Отмахиваясь от комаров, Максим рвал луковицу за луковицей, швырял их в плетеную корзинку, полз дальше, а корзинку волочил за собой. Руки его почернели, пальцы покрылись липким слоем земли, смешанной с луковым соком. Вскоре заболела поясница, потом ее стало невыносимо ломить. Как только корзина наполнялась, Максим взваливал ее на плечо и относил на край участка, где Марта и Лорри, щелкая острыми ножницами, срезали у каждой луковицы ботву и сортировали лук, раскладывая его ровными рядами для просушки.

— Что, устал? — участливо спросила Марта, поглядывая на Максима покрасневшими, слезящимися глазами.

— Да, Марта, устал, — вздохнул Максим.

— У меня глаза заболели, — сказала женщина. — Этот проклятый лук выест наши глаза, нет от него спасения. А тут еще шляется надсмотрщик с линейкой, чуть ли не на каждой луковице обмеряет длину шейки. Оставляйте, говорит, шейку на три сантиметра, ни больше ни меньше, иначе браковать будем, высчитывать деньги из получки.

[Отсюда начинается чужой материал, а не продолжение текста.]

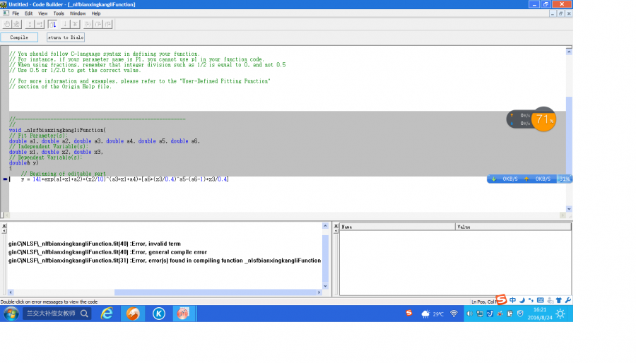 origin8.0多元非线性回归中自定义函数编译失败问题
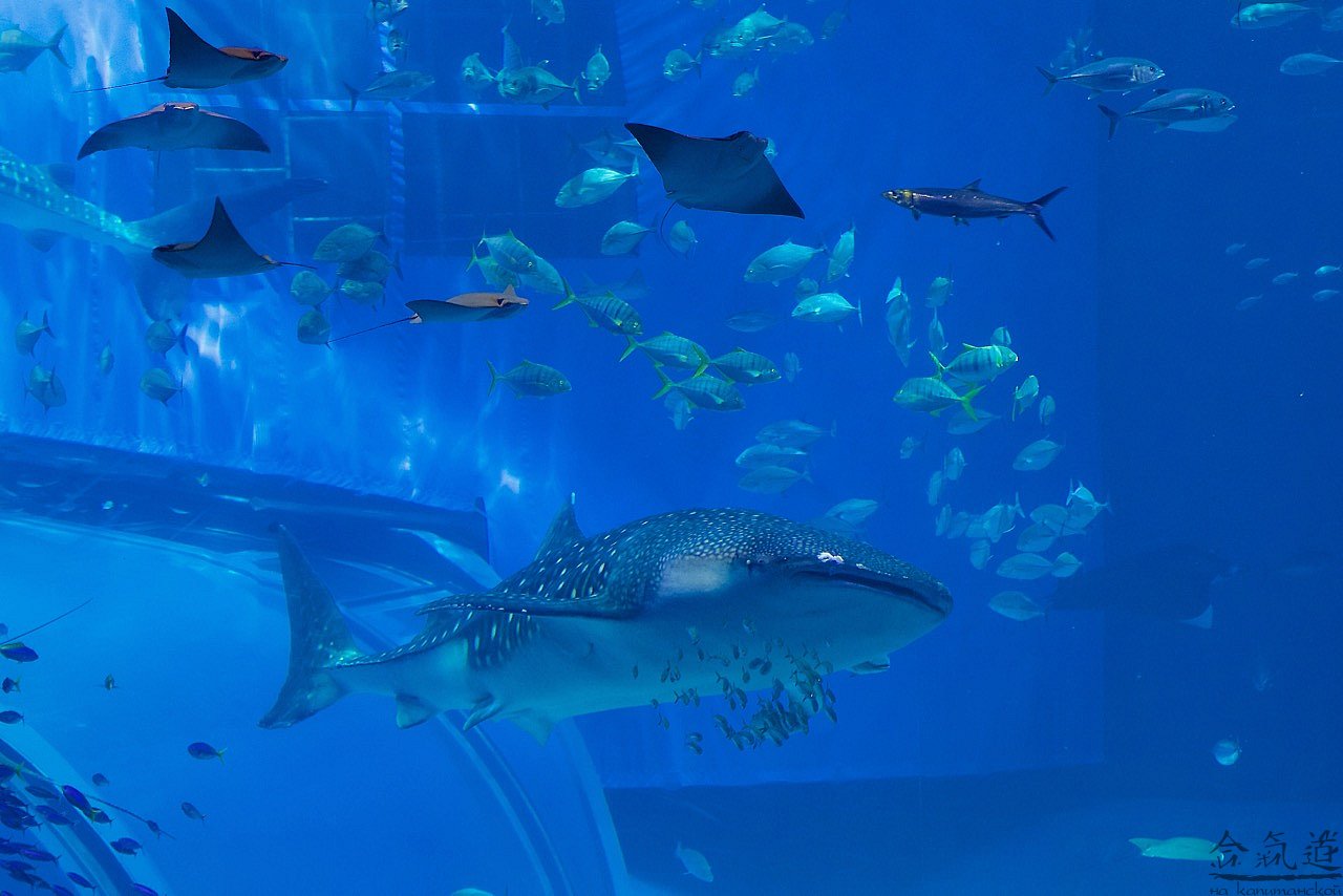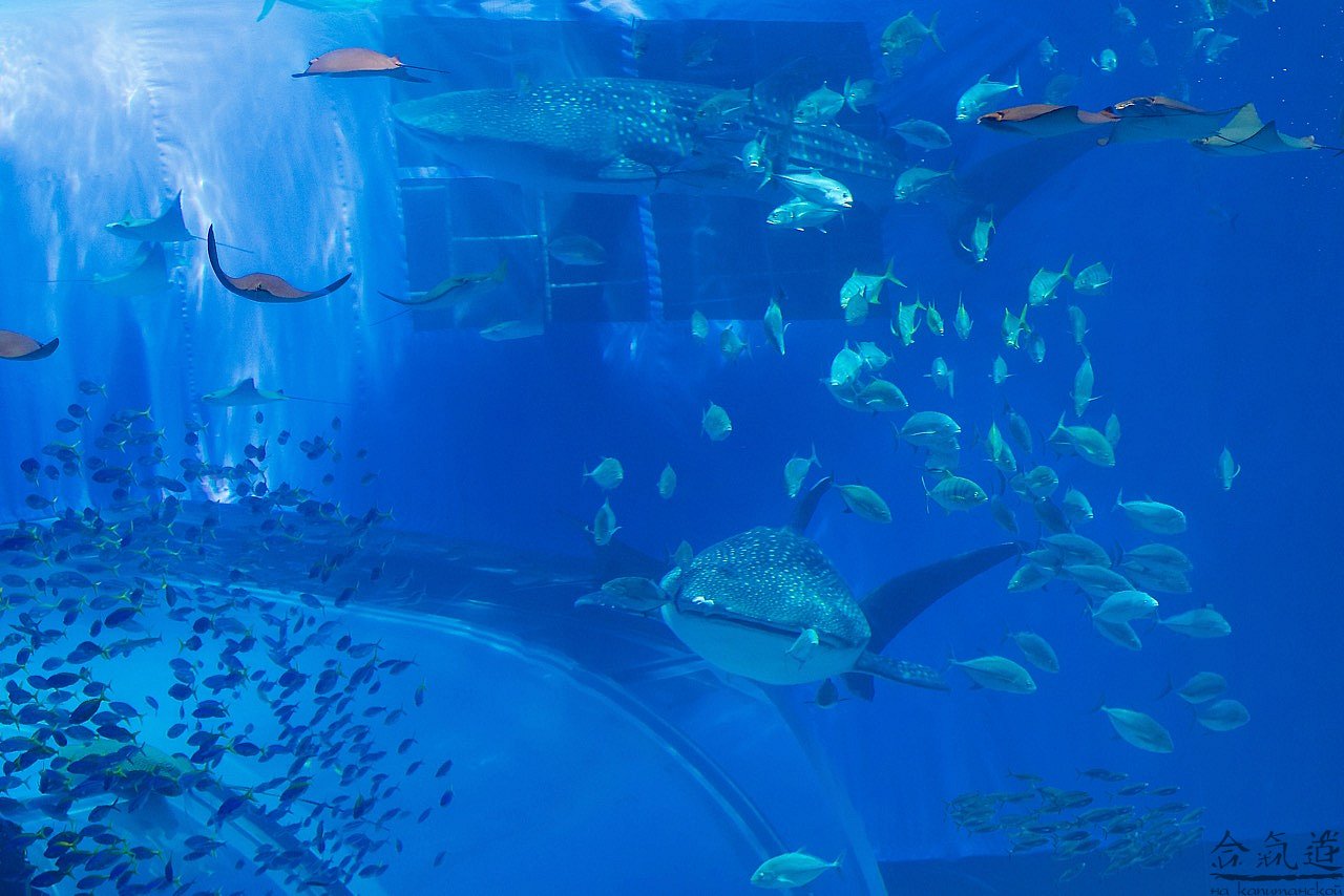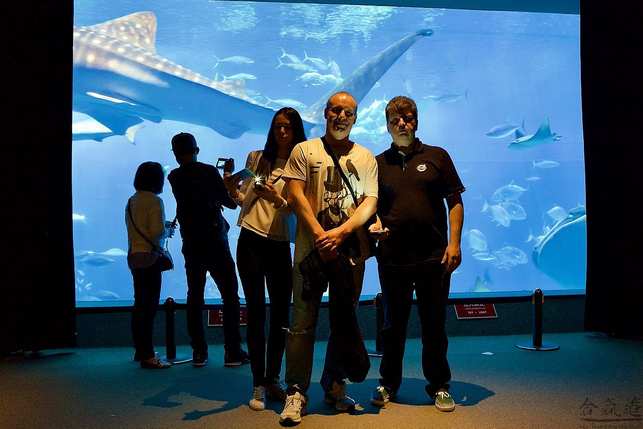Мы решили податься в Чюрауме - окинавский океанариум. Искупавшись и устроив целое шоу с переодеванием для, вобщем-то, строгих нравов японской публики, мы отправились туда, где нас заждались уже китовые акулы и морские дьяволы, тысяча чертей!

— Они это могут, — отозвалась Лорри. — Так и смотрят, чтобы заплатить подешевле. Недаром они с такой охотой берут на плантации детей. Детям ведь можно платить полцены…

В первый же день голодные люди набросились на лук. Ели его с солью и без соли, с хлебом и без хлеба. Иные съедали чуть ли не по десятку луковиц. На плантациях компании лук был разных сортов — обыкновенный репчатый, джемс, белльгард, парижский ранний, золотой шар, испанский; люди пробовали разные сорта, горькие, сладкие, угощали друг друга. Но вскоре у многих, особенно у детей, начались боли в желудке, расстройства, и «луковичный батальон» потребовал у дирекции «Сайото лэнд» завоза продуктов в поселок.

Посредник Уэбб и представитель дирекции, веселый толстяк мистер Дэдли, заверили вечно пьяного Шатуна, что продукты будут доставлены. И действительно, в поселке появился фургон. Ловкач Уэбб стал отпускать в долг, в счет будущей получки, бобовые консервы, сыр, маргарин, пшеничные сухари, причем оценивал все товары втридорога, ссылаясь на дальность подвоза и накладные расходы.

— Если так дело пойдет дальше, — сказал папаша Тинкхэм, — то мы не только ничего не получим за свою работу, но еще окажемся должниками компании.

— Может быть, — согласился Хаббард. — Если это случится, на прощание мы пересчитаем зубы каналье Уэббу и немного растрясем жир толстопузому Дэдли.

— От этого нам легче не станет, — справедливо заключил Тинкхэм.

Шли дни, и вскоре «луковичный батальон» стал похож на скопище дикарей: одежда на людях висела грязными хлопьями, лица, шеи и руки покрылись красными бугорками от комариных укусов и струпьями от расчесов. В поселке уже не слышно стало песен и вечерних звуков флейты, — возвращаясь в сумерки с нолей, обессиленные люди валились с ног и мгновенно засыпали на полу душных, сырых лачуг.

— Гибнет народ, и нету у него защиты, — бормотал Максим, расхаживая бессонными ночами по хлюпающему под ногами болоту. — Нигде нет правды, нет жалости… Куда ни пойдешь, всюду одно и то же — холод, горе и злоба…

Все чаще он задумывался над тем, как живут люди его далекой страны, и ему казалось порой, что там жить лучше, свободнее. Но он не мог не верить и тем скудным сведениям о «красной России», которые проникали в американские газеты, доставляемые в поселок вездесущим Уэббом. Газеты в один голос утверждали, что в «Совдепии» после смерти Ленина «начался развал», что «ГПУ каждый день расстреливает сотни ни в чем не повинных людей», а «красные диктаторы грызутся между собой».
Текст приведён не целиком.